The quadriceps tendon connects to the patellar tendon, which in turn inserts onto the tibial tuberosity. The tibial tuberosity is a bony prominence on the upper part of the tibia (shin bone), located just below the knee joint [15].

Image of the origin of the vastus intermedius

Here we can see the origin of the vastus intermedius on the anterior and lateral surface of the femur.

Image of the insertion of the patellar tendon and vastus intermedius

Here we can see the insertion of the patellar tendon. The vastus intermedius fibres connect into the patellar tendon.


The vastus intermedius, along with the other quadricep muscles (vastus lateralis, vastus medialis, and rectus femoris), plays an important role in extending the knee joint [16]. Knee extension is essential for various daily activities, such as walking, running, climbing stairs, and standing up from a seated position. During these activities, the vastus intermedius contracts and works synergistically with the other quadricep muscles to straighten the leg at the knee joint [17].

In addition to knee extension, the vastus intermedius is also involved with maintaining knee stability [18]. As one of the deeper quadricep muscles, the vastus intermedius provides support to the patella and helps distribute force across the knee joint. This supportive role is useful for maintaining proper knee alignment and preventing excessive stress on the joint during activities that require dynamic knee movements, such as sports and exercise [19]. Moreover, the vastus intermedius contributes to the eccentric control of the knee during activities such as descending stairs and landing from a jump. Eccentric control refers to the ability of a muscle to generate force while lengthening, which acts like a brake to slow down joint movement [20].

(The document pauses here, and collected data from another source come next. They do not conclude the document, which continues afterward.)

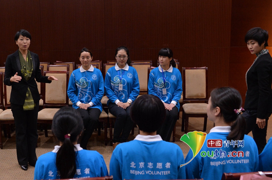 2014年10月24日,北京,志愿者在進行形體和禮儀的相關培訓。圖片作者:京華時報 王苡萱/CFP
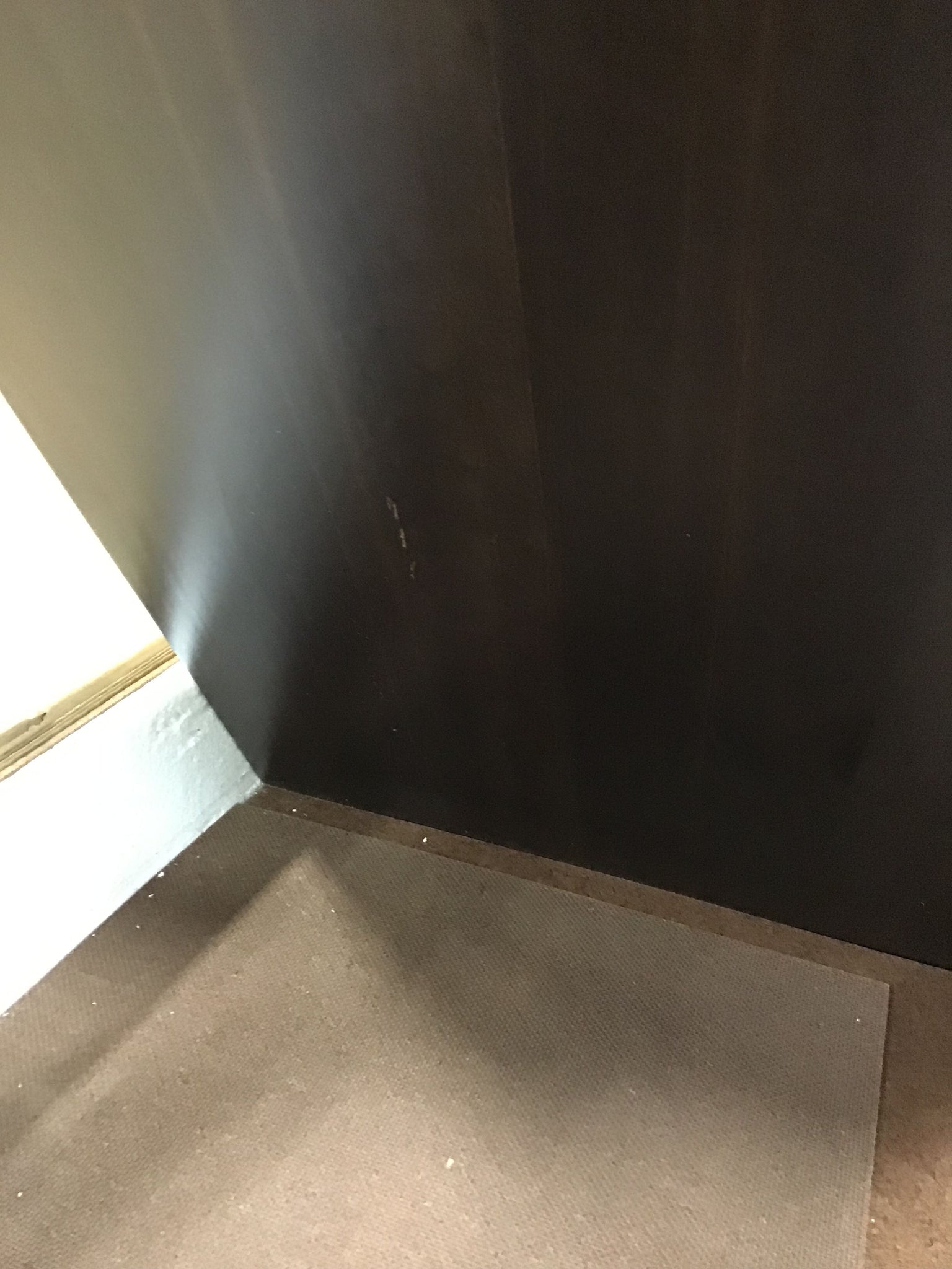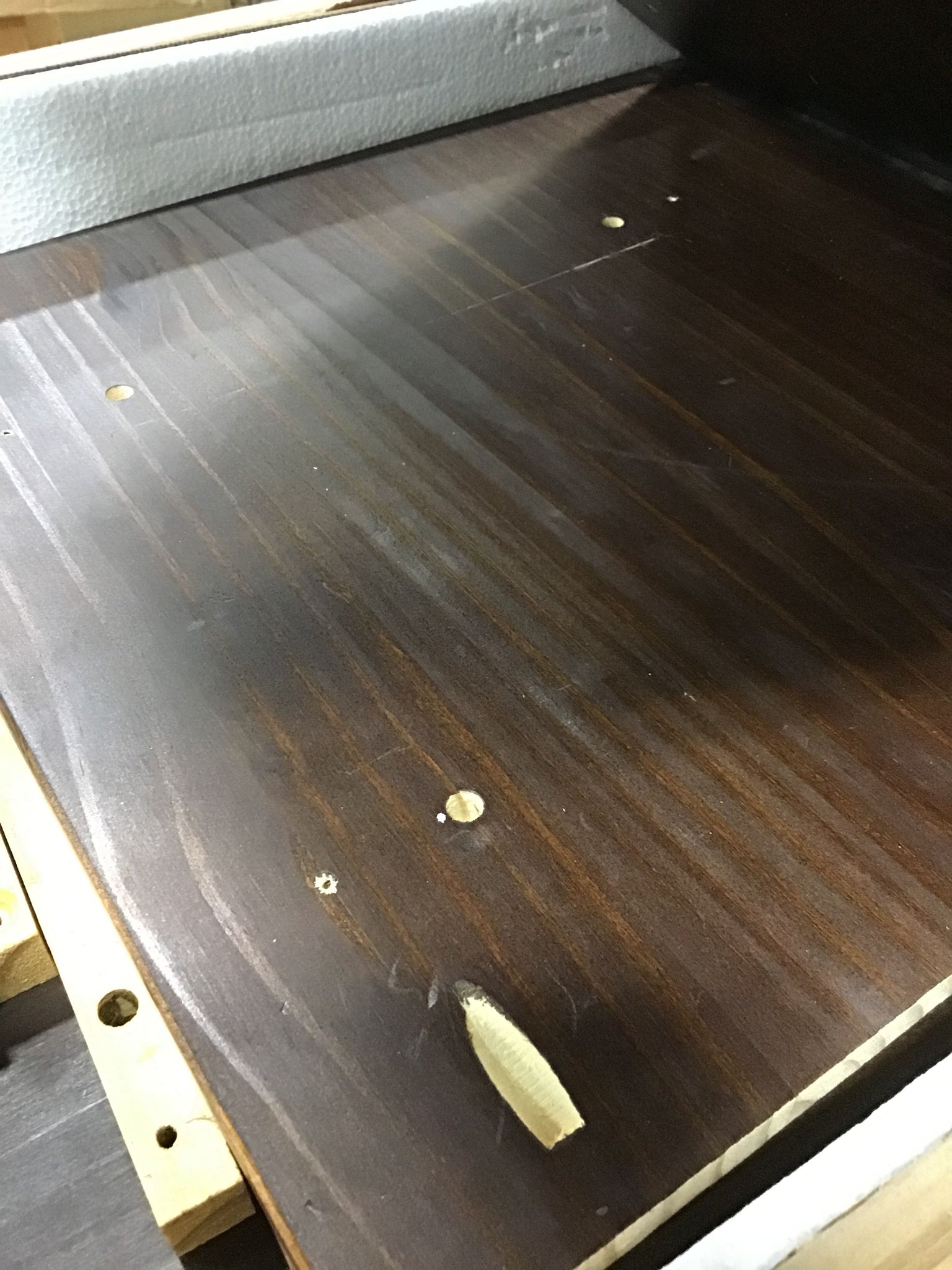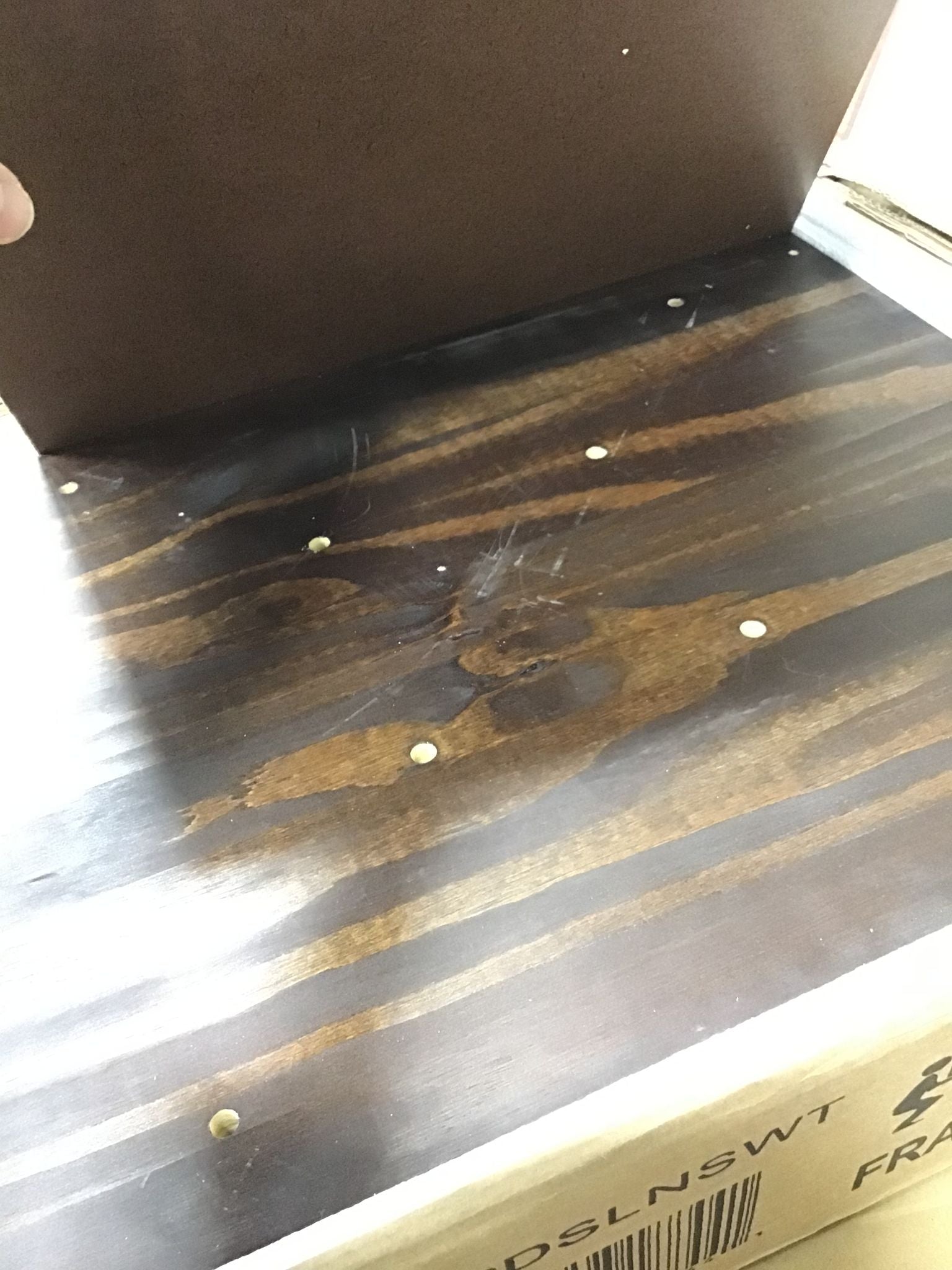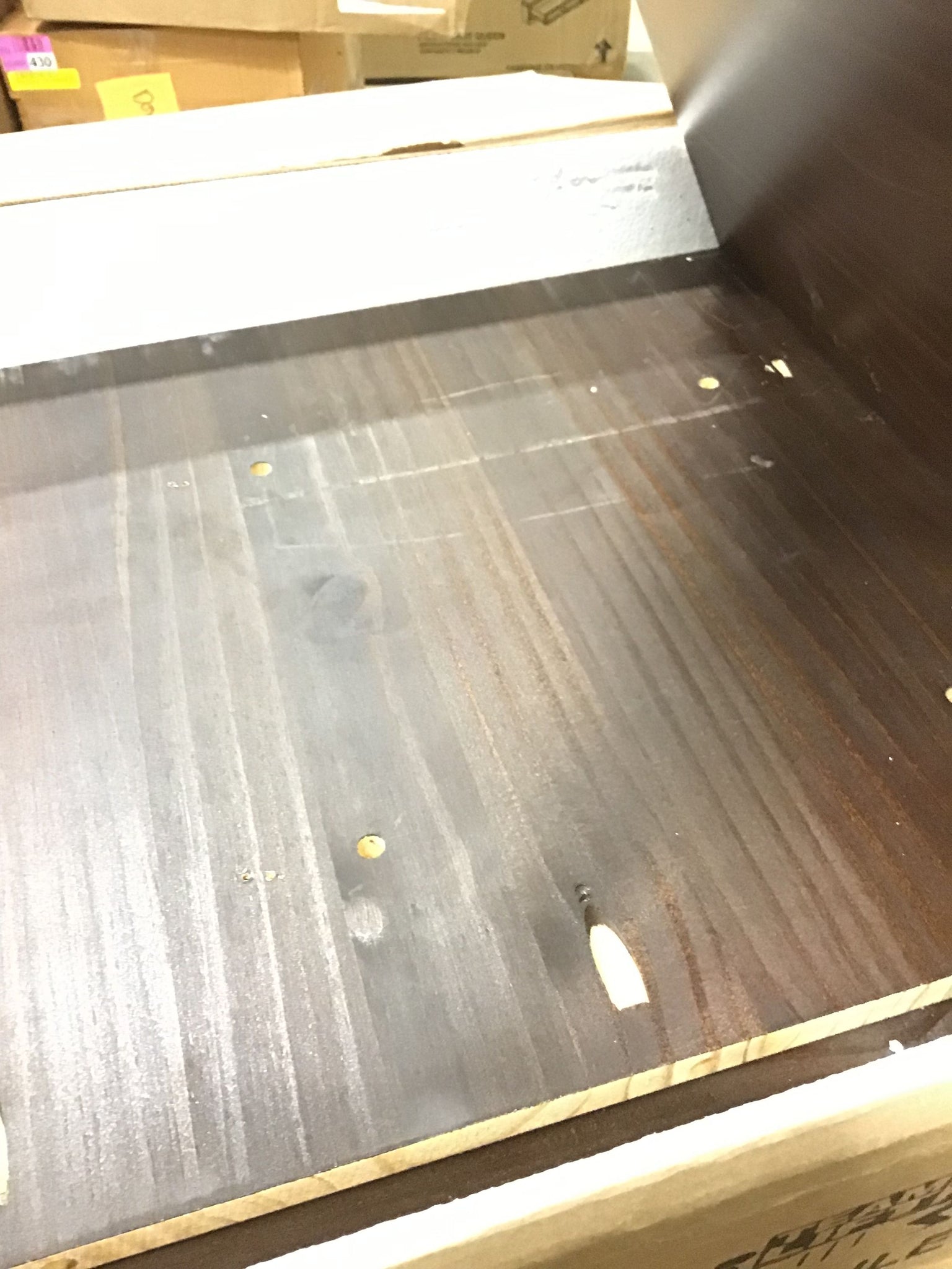 Open box, The color is walnut, Previously opened. Scratches, scuffs and chips throughout pieces. See photos.
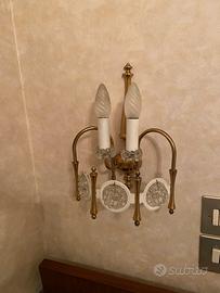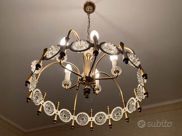 Lanpadario anni 60 a sospensione con relative 2 applique a parete coordinate. Ottone dorato e cristalli. Ritiro a mano, pagamento contanti No perditempo

Image of a person demonstrating the movement of knee extension.

In this image, you can see an example of knee extension, which is the action of straightening out your leg at the knee. The opposite movement of knee flexion is knee extension. The main action of the vastus intermedius muscle is knee extension.


The vastus intermedius muscle receives its innervation from the femoral nerve, which is derived from the lumbar spinal nerve roots L2, L3, and L4 [21]. The femoral nerve is a large nerve that originates from the lumbar plexus in the lower back, passes through the pelvis, and descends into the thigh. It is the primary nerve which innervates the quadriceps muscle group, including the vastus intermedius, vastus lateralis, vastus medialis, and rectus femoris muscles [22].

Proper function of the femoral nerve is vital for the coordinated movements and stability of the knee. Damage or injury to the femoral nerve can result in muscle weakness or even paralysis, affecting the ability to extend the knee and potentially leading to difficulty when walking or maintaining balance [23]

Femoral nerve highlighted in red

Here we can see the femoral nerve highlighted in red. The femoral nerve innervates the quadriceps muscle group, including the vastus intermedius. The femoral nerve originates from the spinal nerve roots of L2, L3, and L4.

Image of the quadriceps muscle innervation the femoral nerve

Here we can see the innervation of the quadriceps muscle group, the femoral nerve is a major branch of the lumbar plexus.

Blood Supply

Blood is supplied to the vastus intermedius via the femoral artery. The femoral artery begins at the inguinal ligament as the continuation of the external iliac artery. It courses through the femoral triangle of the thigh, continuing down the leg and supplying the many muscles and structures within this region, including the quadricep muscles [24] [25].

Image of the arteries of the lower limb

This image shows the arteries of the lower limb, including the femoral artery.